The biggest challenge for today’s activists may be a multipolar arms race that is taking shape in an age of distractions. Young people are hooked on social media where sobering news must compete with Bad Bunny videos. Sounding the alarm about the nuclear peril — the biggest threat of all — now means competing with bearers of other grim tidings about climate change or new pandemics.

“People are overwhelmed by the multiple intersecting crises,” says Dr. Joseph Hodgkin, an attending physician at Massachusetts General Hospital who is part of a new generation of doctors working to rouse public sentiment against the resurgent nuclear threat. “But one thing that’s fundamentally the same as in previous generations is that these weapons continue to pose a threat to life on earth.”

Pastore took up the antinuclear cause during the Cold War when a grassroots movement spread worldwide. He visited Hiroshima in the 1960s and chronicled the effects of radiation on Japanese survivors of the first US atom bomb, which killed at least 90,000 people when it was dropped on the city in 1945.

Today’s threat is at once more complex and harder to convey.

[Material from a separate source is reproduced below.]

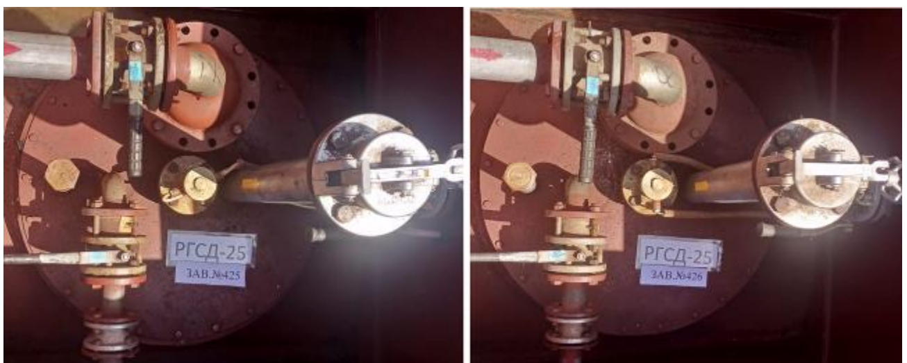
Рисунок 3 – Горловины и измерительные люки резервуаров РГСД-25 зав.№№ 425, 426

Americans who came of age in the aftermath of World War II and the Cold War don’t remember ducking under desks at school in civil defense drills that were common before and during the Cuban missile crisis.

“We’re 80 years away from Hiroshima,” says Muller. “Young people today did not grow up with the nuclear threat.”

But important lessons can be learned from the earlier antinuclear movement. More than 750,000 people rallied in New York’s Central Park in the spring of 1982 to call for nuclear disarmament. Later that year, Muller and Pastore joined other American and Russian doctors in a broadcast seen by millions on US and Russian television, seeking a halt to the arms race. In 1985, their organization, IPPNW, was awarded the Nobel Peace Prize for fueling, in the Nobel committee’s words, “an awareness of the catastrophic consequences of atomic warfare.”

That awareness has receded today. So arms race opponents are pushing new disarmament resolutions in Congress and in Massachusetts and other state legislatures. They’re lobbying lawmakers and US, Russian, and Vatican officials to rein in the new arms race. Such efforts are a far cry from the mass movement of the Cold War era, but they’re a start.

Last fall, Hodgkin and physicians from more than a dozen countries gathered in Nagasaki to pay tribute to the victims of the second US atom bomb, which caused the deaths of more than 70,000 from severe burns and radiation sickness. Among his Russian colleagues in today’s antinuclear campaign is Dr. Olga Trushina, granddaughter of Dr. Yevgeny Chazov, an IPPNW cofounder who was personal physician to Soviet leaders.

The death and destruction from a nuclear war today would dwarf that of Hiroshima and Nagasaki. One IPPNW study suggests that even a limited exchange would kill millions of people, shatter the global economy, and trigger climate disruption, crop failure, famine, and mass starvation.

But ordinary citizens can again mobilize to pressure leaders to defuse that threat, says Dr. Ira Helfand, a Northampton activist who is part of the Back from the Brink campaign, made up of physicians, scientists, labor and environmental groups, and faith leaders.

“People tend to think of nuclear weapons as part of the natural order,” Helfand says. “They can’t imagine a world without nuclear weapons. Well, we couldn’t imagine the Cold War ending, but it did. We need to have the audacity to be hopeful that we can replicate that.”